Fauji Fertilizer Company reports 50% YoY profit increase in 9 months of 2023
Fauji Fertilizer Company Ltd. (FFC), a prominent urea producer in Pakistan, disclosed its financial results for the nine months ending September 30, 2023. The company registered a net profit of PKR 22.21 billion, marking a 50% year-on-year increase compared to PKR 14.84 billion in the corresponding period of the previous year. However, earnings in U.S. dollar terms rose modestly to USD 80 million from USD 75 million due to significant depreciation in the Pak Rupee.

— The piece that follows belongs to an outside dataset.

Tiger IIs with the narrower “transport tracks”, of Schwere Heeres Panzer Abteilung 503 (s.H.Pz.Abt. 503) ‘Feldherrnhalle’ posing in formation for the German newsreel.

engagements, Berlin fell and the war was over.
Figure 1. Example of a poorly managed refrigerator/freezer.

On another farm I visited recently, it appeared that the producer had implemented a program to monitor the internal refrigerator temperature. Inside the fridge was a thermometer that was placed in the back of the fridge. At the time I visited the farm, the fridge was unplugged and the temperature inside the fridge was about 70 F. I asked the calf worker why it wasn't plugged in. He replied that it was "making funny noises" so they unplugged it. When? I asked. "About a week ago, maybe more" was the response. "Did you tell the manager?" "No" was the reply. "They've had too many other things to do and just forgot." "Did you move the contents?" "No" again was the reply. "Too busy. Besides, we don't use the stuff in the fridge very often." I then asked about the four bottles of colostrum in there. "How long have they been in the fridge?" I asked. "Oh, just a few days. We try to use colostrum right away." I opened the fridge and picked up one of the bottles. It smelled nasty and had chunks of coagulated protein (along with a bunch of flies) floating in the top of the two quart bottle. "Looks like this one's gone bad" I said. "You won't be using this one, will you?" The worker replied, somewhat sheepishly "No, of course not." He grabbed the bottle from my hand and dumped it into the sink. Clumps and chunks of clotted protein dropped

Chairman Waqar Ahmed Malik and CEO Sarfaraz Ahmed Rehman attributed this performance to a record other income of PKR 12.53 billion, a figure 22% higher than the same period last year. They cited cost economization and efficiency optimization as other key drivers of the increase in profitability. These measures were deemed necessary due to the ongoing challenges of high inflation, financial costs, and a weakening local currency.

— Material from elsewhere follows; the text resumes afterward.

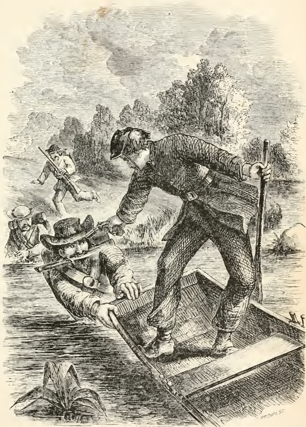
Down the Shenandoah. Page 230.

The FFC’s production facilities in Punjab and Sindh provinces were noted for their high operational reliability and commitment to health, safety, and environmental standards. Urea production for the nine-month period in 2023 was approximately 1.926 million metric tonnes, a 7% rise compared to last year. This increase was attributed to favorable weather conditions and operational enhancements, including the rescheduling of annual maintenance to the last quarter of 2023.
The company witnessed a surge in sales volume to 1.911 million metric tonnes, up from 1.795 million metric tonnes in the previous year. This was due in part to expectations of rising urea prices on the back of a looming increase in gas prices. Sales revenue for the period was PKR 116 billion, a substantial increase from PKR 79 billion in the prior year.
Despite the robust revenue, the company did face headwinds. The high rate of inflation led to a 46% increase in the cost of sales, amounting to PKR 71.21 billion, and a 26% rise in distribution costs, which stood at PKR 8.73 billion. Interest rate volatility also resulted in a 24% increase in finance costs to PKR 4 billion. These additional costs were mitigated to some extent by cost-saving measures implemented by FFC’s management.
An IMS Research report stated that FFC’s significant growth in its top line is mainly fueled by higher urea sales and increasing urea prices amid inflationary pressures in the domestic market.